The training is being done using a generator and discriminator. The generator is the quantum model (along with the sub models) which creates the patches of the molecular features. The discriminator is a classical model which is being trained to predict whether the generated molecular features are real or fake. The generator quantum model uses the same 4 stages - initialization, transformation, trainable ansatz and measurement.

  1. Initial State preparation - All 0 states.

  2. Transformation - Angle Embedding (Y rotations).

  3. Trainable Ansatz - Ansatz described in below figure.

  4. Measurement - Z measurement on all the qubits.

drylab


Classical Model

Here we use a pure classical, generative Recurrent Neural network [4] model to generate newer molecules. The archietcure of the model is shown below inn the figure

drylab


The model is trained in 2 ways

The Canonical SMILES sequenece set is passed and the next output is calluated from the model. The loss function can compute loss from this stage and do back propagation. The second method is to generate an entire sequence and compute the total loss values, and then perform back propagation.

Results


Quantum Model

Since the number of qubits availabe in the simulator is around 10 without taking over the complete memory, we need 14 different circuit with trainable parameters to generate 140 higher variant features. This caues a computation overhead and the simulation was not able to be performed.

Classical Model

The classical model was trained for 5 epochs with a batch size 32 using cross entropy loss function. It was able to reach around 1.65 loss value.
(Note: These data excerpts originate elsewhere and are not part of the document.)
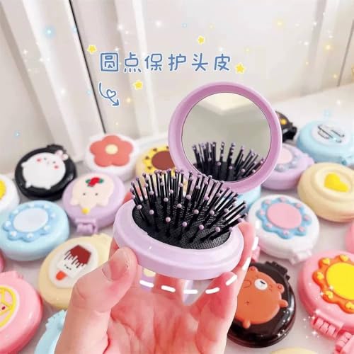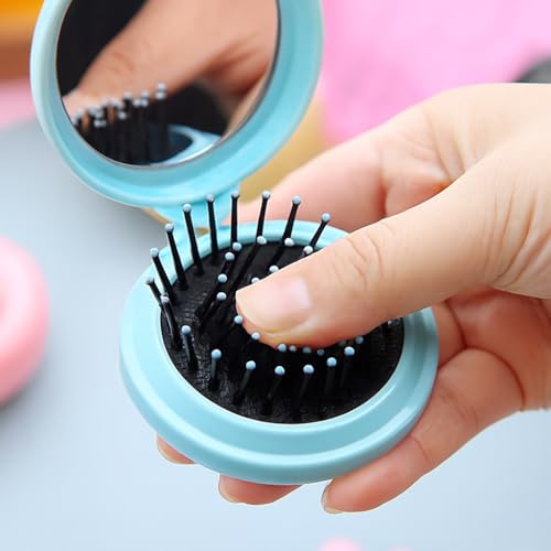Generic - Foldable Hair Brush with Mirror, Compact Travel Size
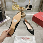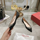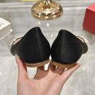 Viv 25 Crystal Diamond Buckle Flats Black Silk Satin 235396
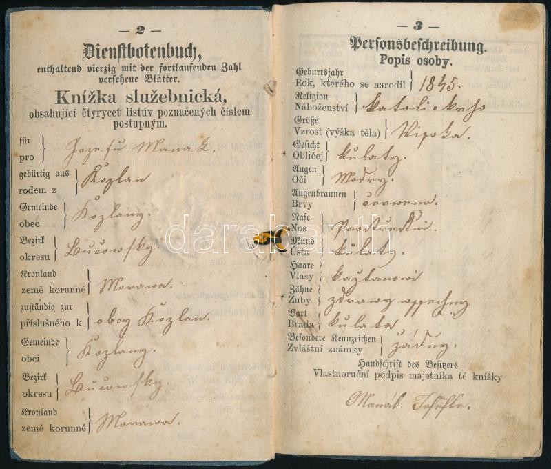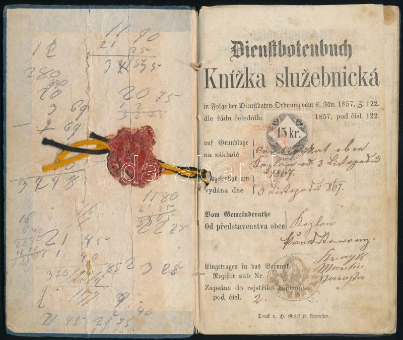 1867 Kétnyelvű cselédkönyv 15 Kr okmánybélyeggel https://www.darabanth.com/de/363-Fernauktion/363.0/Kunst-Dokumente-andere-Sammelgebiete/Dokument~500018/1867-Ketnyelvu-cseledkonyv-15-Kr-okmanybelyeggel~II2096640
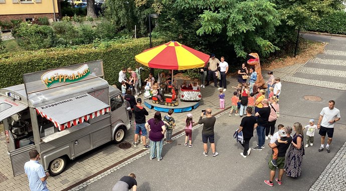 Das Gelände verwandelte sich in eine fröhliche Spieloase, in der die Kinder sich am Glücksrad versuchen konnten, das mit tollen Preisen lockte. Das Kinderkarussell drehte fröhlich seine Runden und sorgte für strahlende Gesichter bei den Kleinen. Für unvergessliche Erinnerungen stand eine Fotobox bereit, in der Familien und Freunde gemeinsam posierten. Spannend wurde es bei der Schatzsuche, die die kleinen Entdecker:innen auf Trab hielt, während Geschicklichkeit und Mut beim Dosenwerfen sowie in den Fühlboxen gefragt waren – auch die ganz Mutigen hatten hier ihren Spaß. Darüber hinaus gab es viele weitere Spiele und Mitmachaktionen, die das Programm abrundeten.
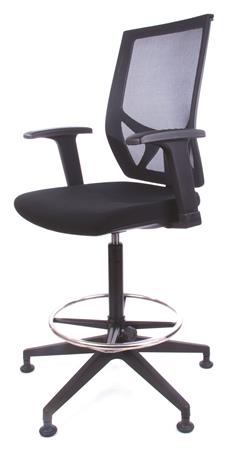 Magasított irodai munkaszék lábtartó gyűrűvel, tappanccsal, fekete szövetborítás, hálós háttámla, MAYAH "Sky"
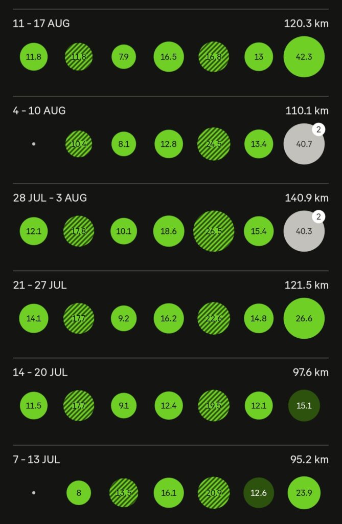 At the end of June 2025, I ran the Lavaredo Ultra Trail 120km, followed by a well-deserved 10-day vacation in Italy. This meant I didn’t resume training until around July 10th for the early September Swiss Peaks start date – giving me exactly 8 weeks and 3 days to prepare. Since I already had a solid base from my training throughout the year, I decided not to focus on high volume but instead concentrate on race-specific preparation: tackling serious elevation gain and loss. I also mixed in some weekend hiking to round out the training.
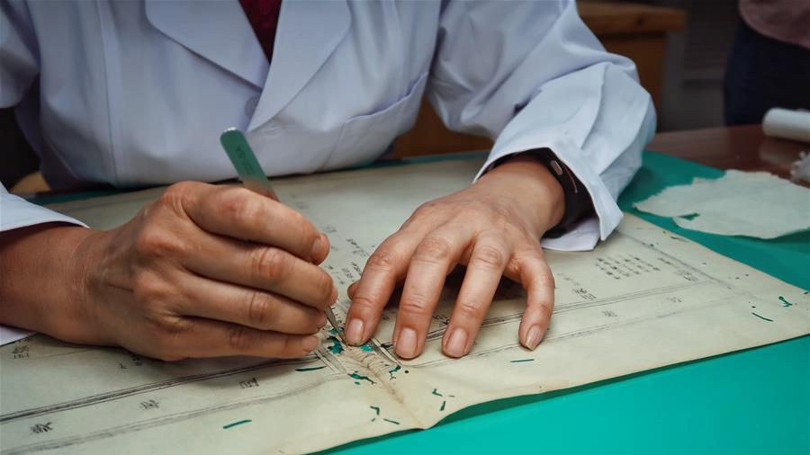 5月12日,浙江诸暨龙溪村的百岁老人蔡渭东在家中处理竹篾。

Using these weights, whenever a random input canonical SMILES data are given, the model generates upto the sequence length. This newly generted Canonical SMILES data can be converted to PaDEL features and passed to the model from Hypotheis 2.1 to figure out whether this molecule is an active element or not.


References


  1. ChemBL Database. EMBL-EBI homepage. (n.d.). https://www.ebi.ac.uk/chembl

  2. Dataprofessor. (n.d.). Dataprofessor/bioinformatics_freecodecamp. GitHub. https://github.com/dataprofessor/bioinformatics_freecodecamp.git

  3. Huang, He-Liang, et al. “Experimental quantum generative adversarial networks for Image Generation.” Physical Review Applied, vol. 16, no. 2, 27 Aug. 2021, https://doi.org/10.1103/physrevapplied.16.024051.

  4. Gupta A, Müller AT, Huisman BJH, Fuchs JA, Schneider P, Schneider G. Generative Recurrent Networks for De Novo Drug Design. Mol Inform. 2018 Jan;37(1-2):1700111. doi: 10.1002/minf.201700111. Epub 2017 Nov 2. Erratum in: Mol Inform. 2018 Jan;37(1-2): PMID: 29095571; PMCID: PMC5836943.